*YOUR OBJECTIVE:*
The answer is to be the lines of the material from its start through the line containing "1、首先,打开初中历史app", each copied exactly; no pictures.

*DATA EXCERPTS:*
========
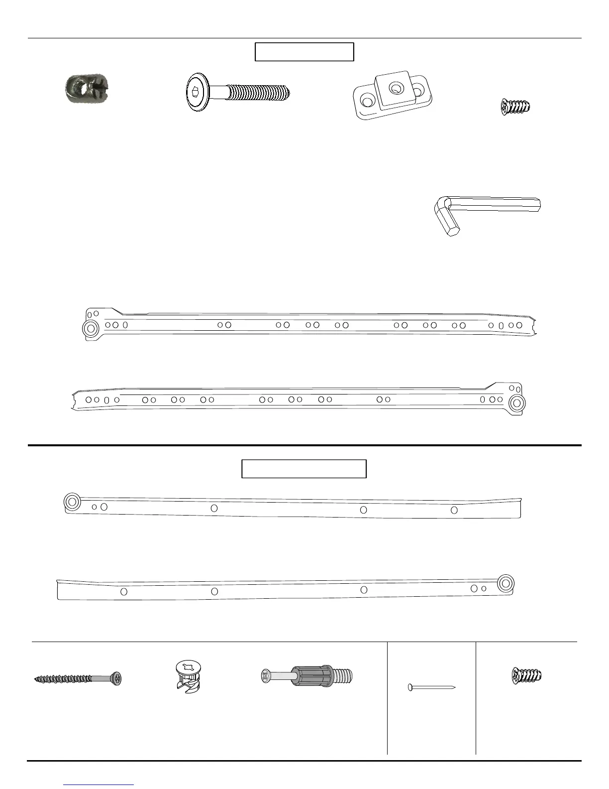 Prepac Queen - Hardware and Part Identification; Bed Frame Hardware; Drawer Hardware
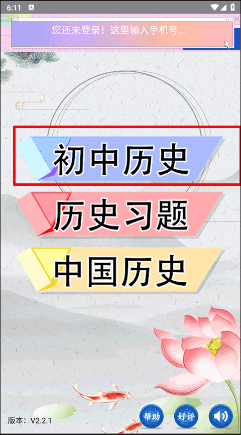 1、首先,打开初中历史app,在标题界面可以点击初中历史、历史习题、中国历史来针对性的学习历史;
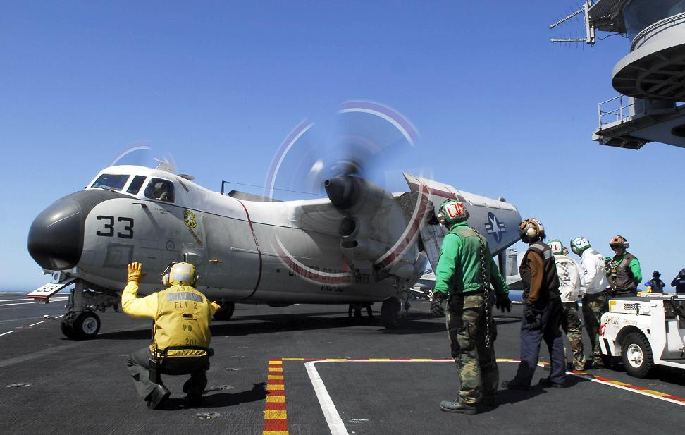 Sailors act as "prop safeties" as a C-2A Greyhound from the "Providers" of Fleet Logistics Support Squadron (VRC) 30 performs pre-flight checks on the flight deck of the Nimitz-class aircraft carrier USS John C. Stennis (CVN 74). © Josue L. Escobosa / US Navy
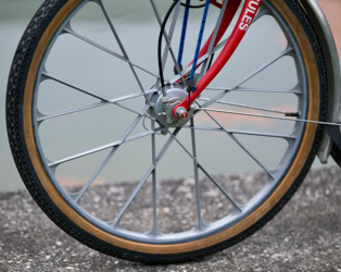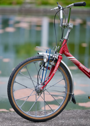 Vorne wird mit Trommel- und Felgenbremse verzögert. Hinten mit Rücktritt.Â
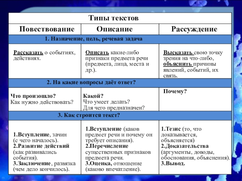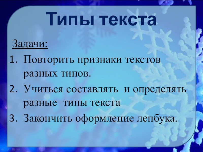 Типы текстаЗадачи:Повторить признаки текстов разных типов.Учиться составлять и определять разные типы текстаЗакончить оформление лепбука.
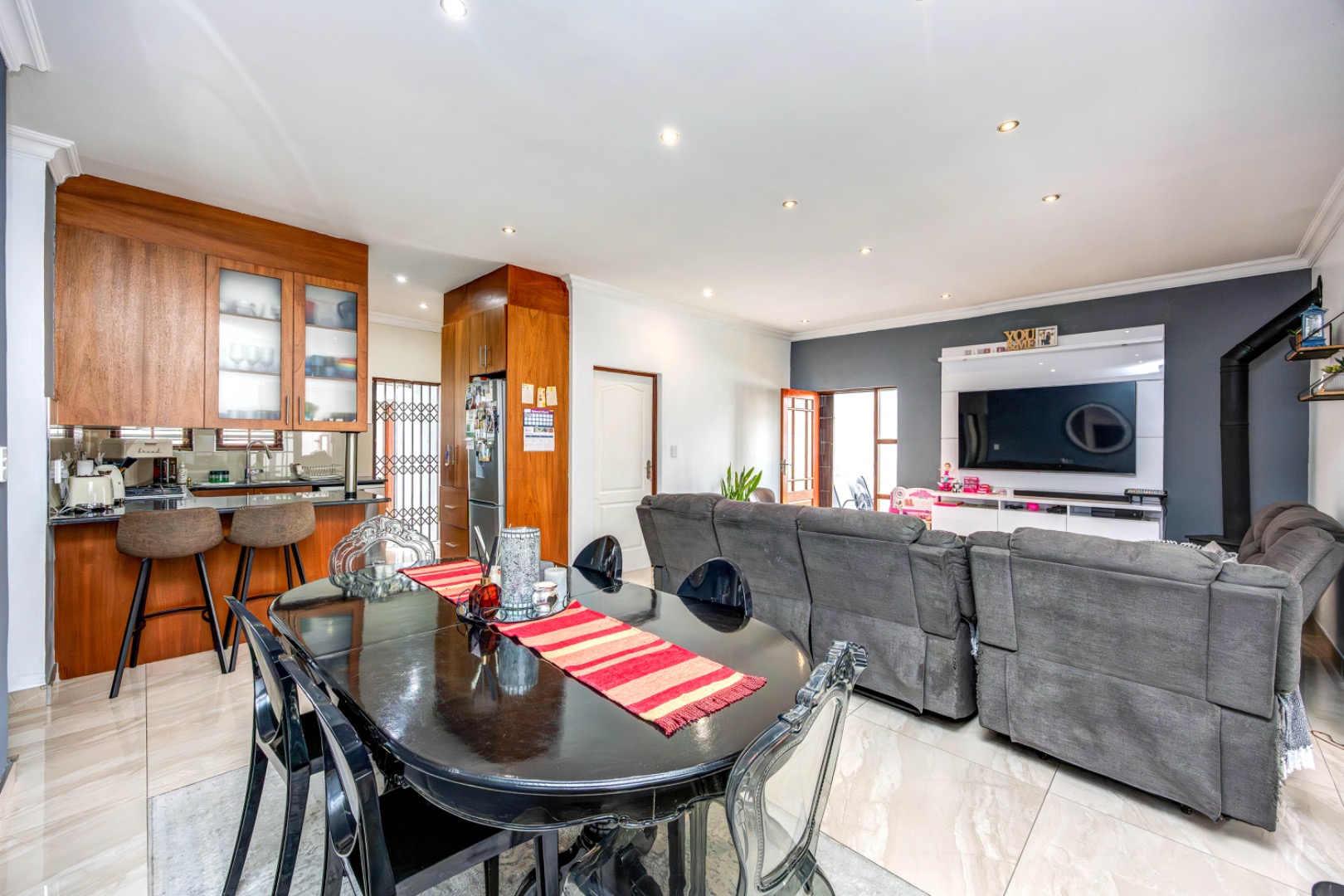 Step inside to a welcoming open-plan living area, where natural light flows through the home, creating a warm and inviting atmosphere. The fireplace adds a cozy touch, perfect for relaxed evenings with family or entertaining guests.
========
*EXERCISE ANSWER:*
 Prepac Queen - Hardware and Part Identification; Bed Frame Hardware; Drawer Hardware
 1、首先,打开初中历史app,在标题界面可以点击初中历史、历史习题、中国历史来针对性的学习历史;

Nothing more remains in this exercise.